Satu halaman Lembar Rancangan Analisis yang sudah lolos ambang di atas. Modul berikutnya tidak mengulang pembahasan populasi, skala, atau unit analisis dari awal — modul itu bekerja langsung di atas lembar yang kamu tulis, mulai dari meringkas variabel sesuai skalanya. Peserta yang datang tanpa lembar akan menghabiskan modul berikutnya untuk menyusun ulang keputusan yang sebenarnya sudah selesai di sini.

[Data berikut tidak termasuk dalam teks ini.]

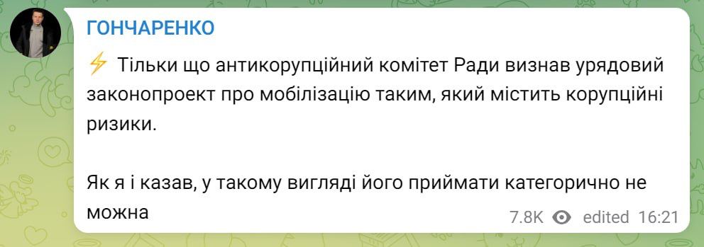 Об этом сообщил народный депутат Алексей Гончаренко в своем телеграм-канале.
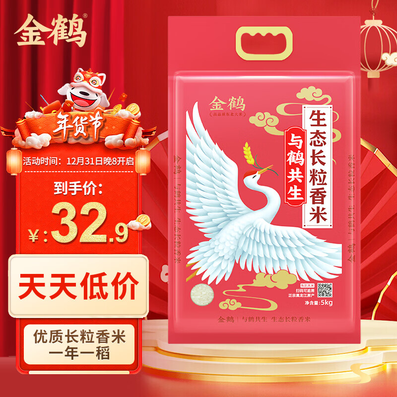 【JD自营】金鹤 生态长粒香米10斤
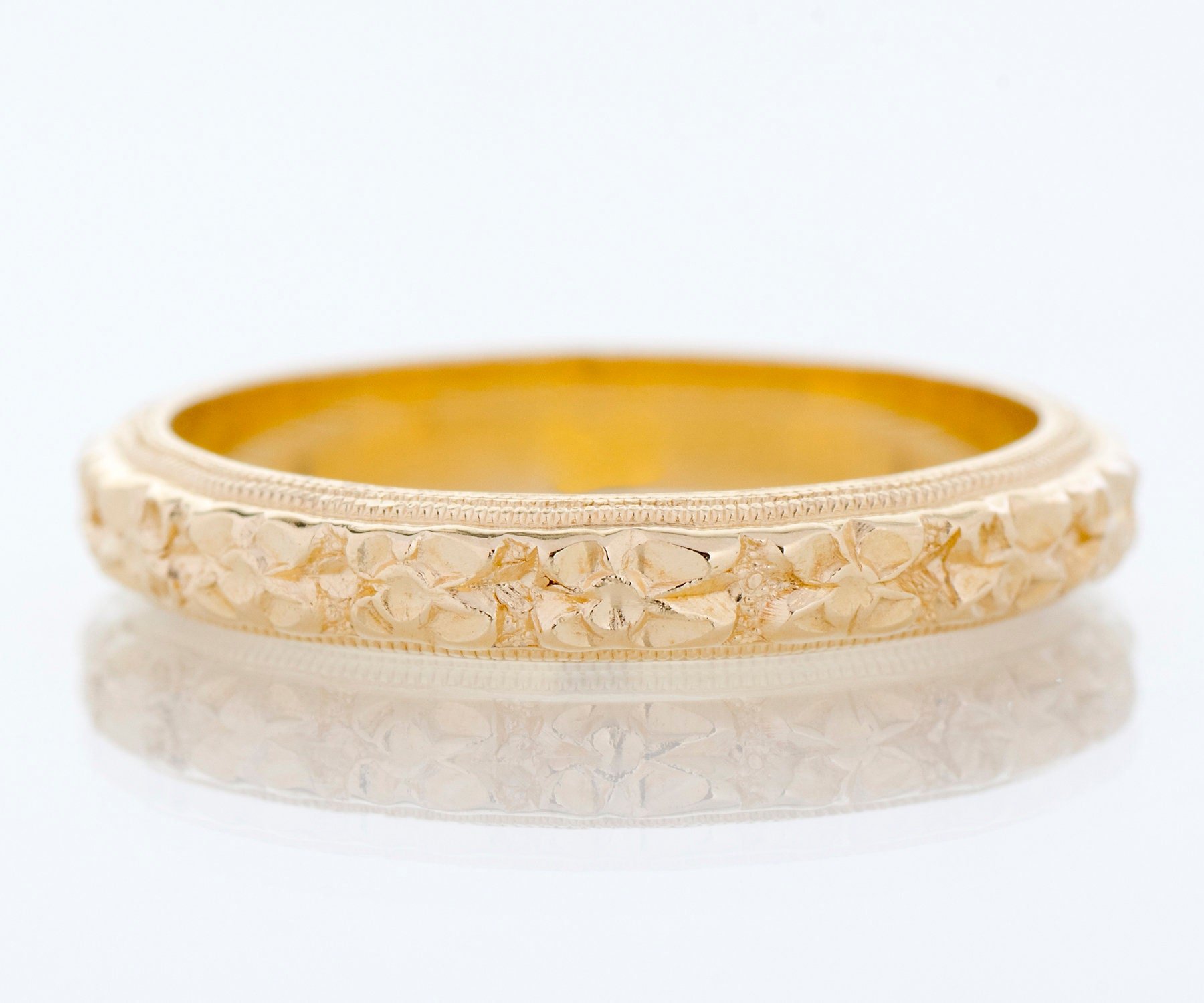 Antique Wedding Band - Antique 14k Yellow Gold Floral Engraved Wedding Band
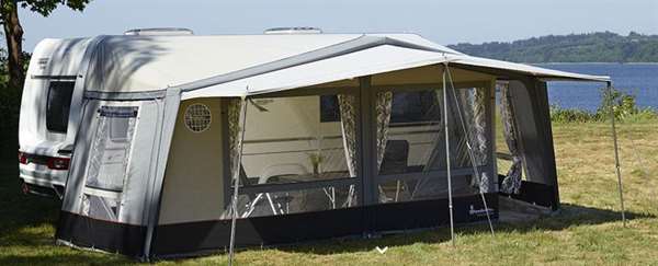 Eclipse monteres i udhænget på dit fortelt og dermed skabes en skyggefuld terrasse, hvor arealet under tag fordobles.

Satu hal terakhir yang layak kamu bawa dalam kepala: rancangan yang baik tidak membuat kesimpulanmu lebih besar, melainkan membuat batasnya jelas. Laporan yang menyebut siapa yang tersingkir dan apa yang tidak bisa dijawabnya justru lebih sulit dibantah daripada laporan yang mengklaim menjelaskan segalanya.

Slide 1

Tiga hal yang sudah kamu pegang

  • Unit analisis ditentukan pertanyaan, bukan data
  • Empat lapisan, empat cacat kerangka
  • Uji tiga pertanyaan menentukan skala
Jalankan cepat; jangan mengulang penjelasan. Waktu utama sesi ini untuk penilaian lembar.
Slide 2

Rubrik tiga tingkat, lima butir

  • Belum memadai, perlu diperbaiki, memadai
  • Tiap butir punya penanda yang bisa ditunjuk
  • Nilai lembarmu sendiri sekarang
Beri waktu sepuluh menit menilai lembar sendiri di tempat. Jangan dikumpulkan dulu.
Slide 3

Ambang untuk melanjutkan

  • Minimal empat butir memadai
  • Tidak boleh ada butir belum memadai
  • Butir 1 dan 2 wajib memadai
Tegaskan alasannya: pertanyaan dan unit analisis menentukan sahnya tiga butir sisanya.
Slide 4

Daftar periksa tujuh pertanyaan

  • Jawab ya atau tidak sambil menunjuk buktinya
  • Satu jawaban tidak berarti satu bagian dibuka lagi
  • Tiap pertanyaan menunjuk unit rujukannya
Pasangkan peserta dua-dua untuk saling memeriksa; pemeriksa luar menemukan yang tidak terlihat penulisnya.
Slide 5

Kalau isianmu mirip contoh keliru

  • Unit 5 memuat lima isian keliru dan perbaikannya
  • Pakai pola perbaikannya, lalu nilai ulang
  • Menemukannya sekarang jauh lebih murah
Tanyakan miskonsepsi mana yang paling banyak ditemukan peserta di lembarnya sendiri.
Slide 6

Yang dibawa ke modul berikutnya

  • Satu halaman lembar rancangan yang lolos ambang
  • Modul berikutnya bekerja di atasnya
  • Batas yang jelas lebih kuat daripada klaim besar
Ingatkan tenggat penyerahan lembar sebelum modul berikutnya dimulai.